• [Assignment]: Working from the entries that follow, transcribe exactly and only the lines from the one with "A partire da" through the last, pictures excluded.

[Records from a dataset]
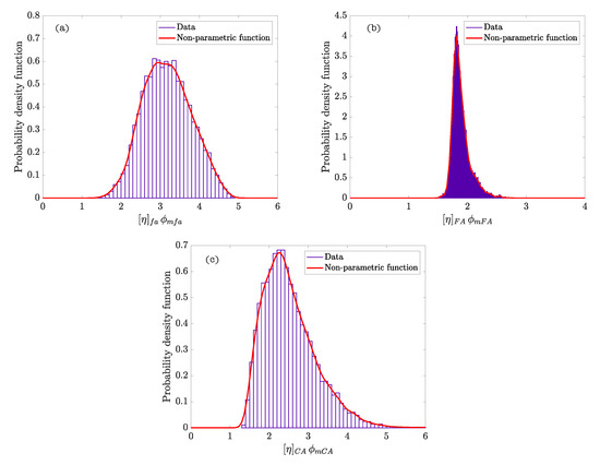 The parameters and [] of the equation of Krieger and Dougherty, Equation (1), which allows the prediction of the dynamic viscosity in cementitious suspensions, , may be expressed in probabilistic terms as a consequence of the inherent random nature of the phenomenon. The same consequence can be drawn for the constitutive model of the fiber to be used. The idea arises from the fact that the parameters of Equation (1) can be treated as random variables, described by probability density functions, and not as a single value. Thus, the conversion of both models into probabilistic ones through the Bayesian analysis makes sense and is interesting for improving the assessment of the dynamic viscosity.
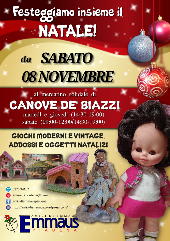 A partire da sabato 8 novembre al mercatino solidale Emmaus di Canove de' Biazzi (Torre de' Picenardi) si terrà invece la consueta vendita di articoli natalizi e giocattoli di Santa Lucia. Il mercatino di Canove de' Biazzi è aperto il sabato dalle 9 alle 12 e dalle 14:30 alle 19, il martedì e il giovedì dalle 14:30 alle 19.
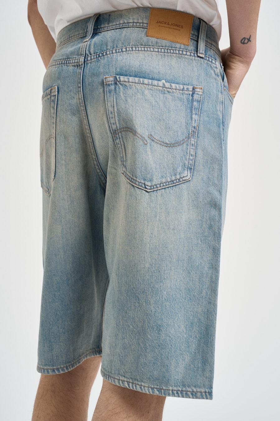JACK & JONES Bermuda uomo slavato in denim. Modello corto. Chiusura frontale con cerniera e bottone. Passanti in vita. Cinque tasche. Composizione: 100% cotone. Il modello è alto 190 cm e indossa la taglia L.
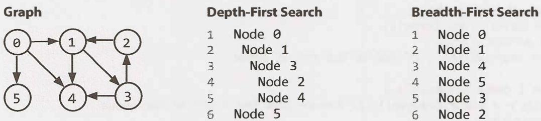 The two most common ways to search a graph are depth-first search and breadth-first search. In DFS, we start at the root (or another arbitrarily selected node) and explore each branch completely before moving on to the next branch. We go deep first.
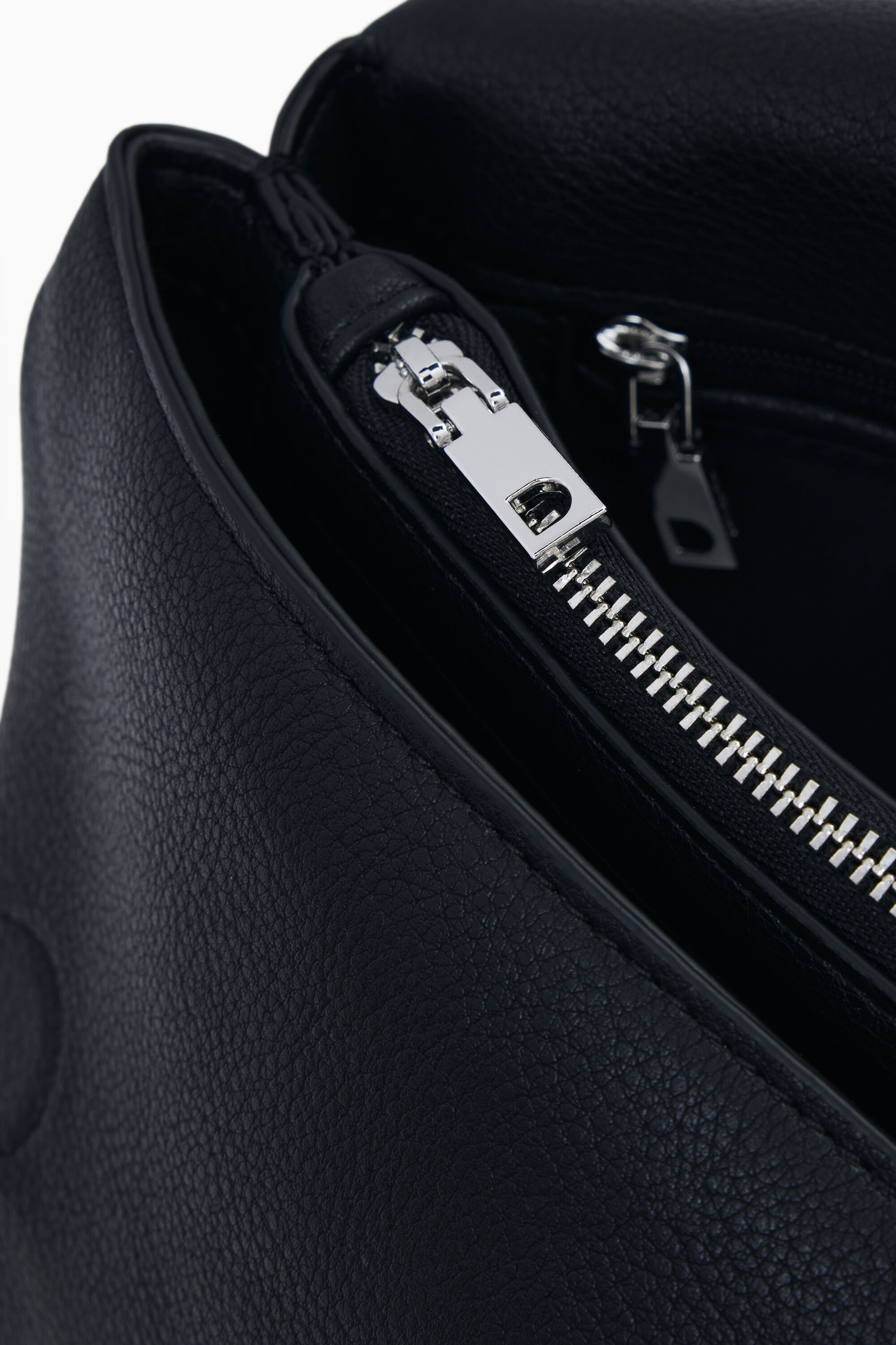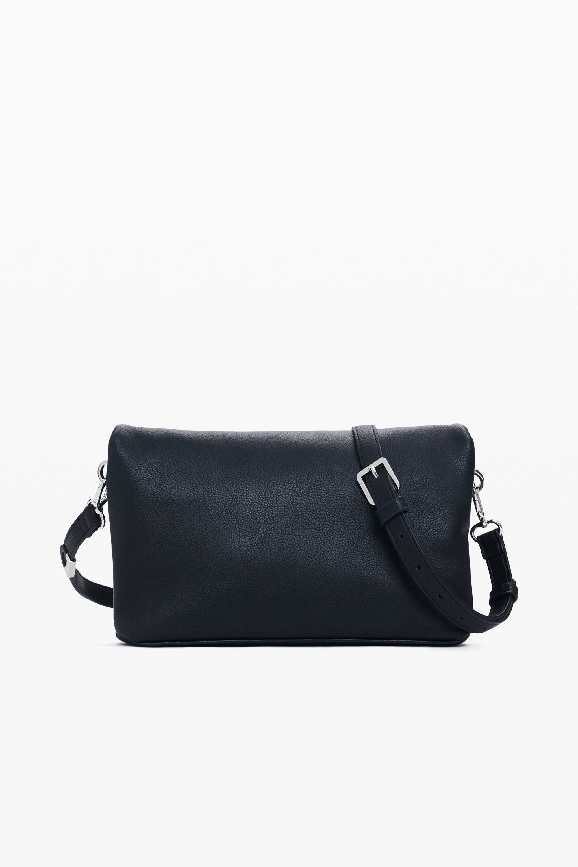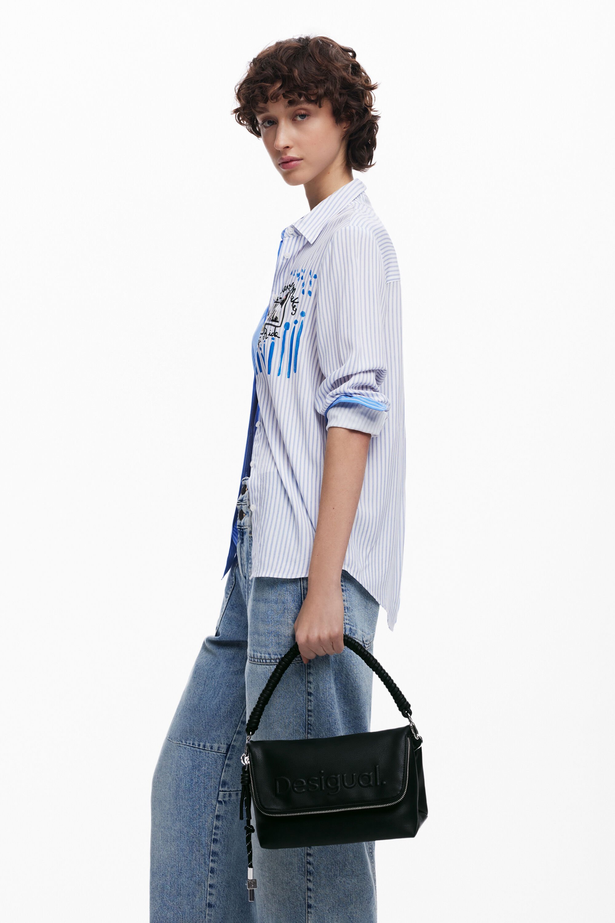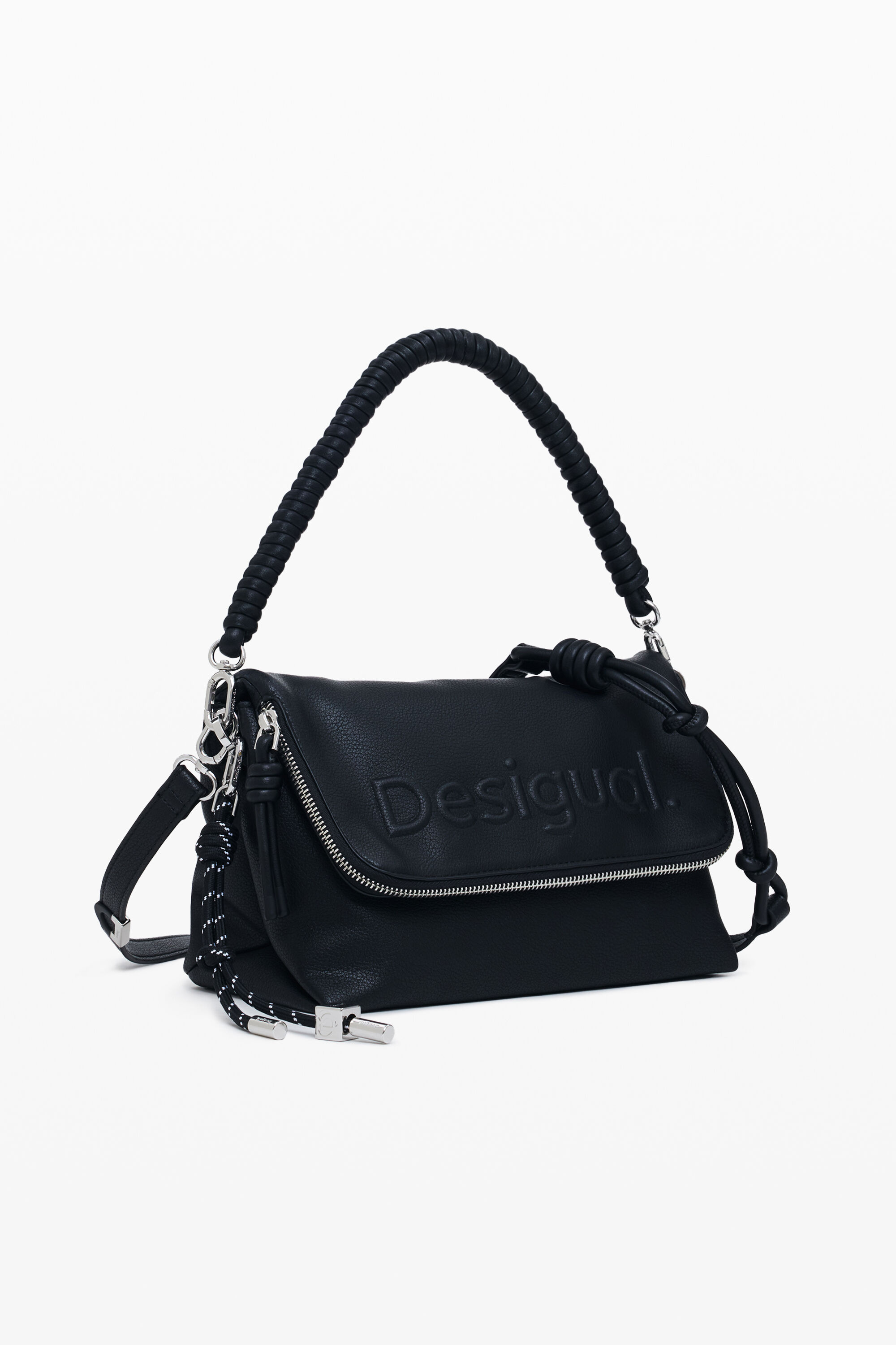 Crossbody bag in faux leather fabric, with flap, multiple compartments, interchangeable handles, and 3D effect logo in solid color.

• [Answer below]:
 A partire da sabato 8 novembre al mercatino solidale Emmaus di Canove de' Biazzi (Torre de' Picenardi) si terrà invece la consueta vendita di articoli natalizi e giocattoli di Santa Lucia. Il mercatino di Canove de' Biazzi è aperto il sabato dalle 9 alle 12 e dalle 14:30 alle 19, il martedì e il giovedì dalle 14:30 alle 19.
JACK & JONES Bermuda uomo slavato in denim. Modello corto. Chiusura frontale con cerniera e bottone. Passanti in vita. Cinque tasche. Composizione: 100% cotone. Il modello è alto 190 cm e indossa la taglia L.
 The two most common ways to search a graph are depth-first search and breadth-first search. In DFS, we start at the root (or another arbitrarily selected node) and explore each branch completely before moving on to the next branch. We go deep first.
 Crossbody bag in faux leather fabric, with flap, multiple compartments, interchangeable handles, and 3D effect logo in solid color.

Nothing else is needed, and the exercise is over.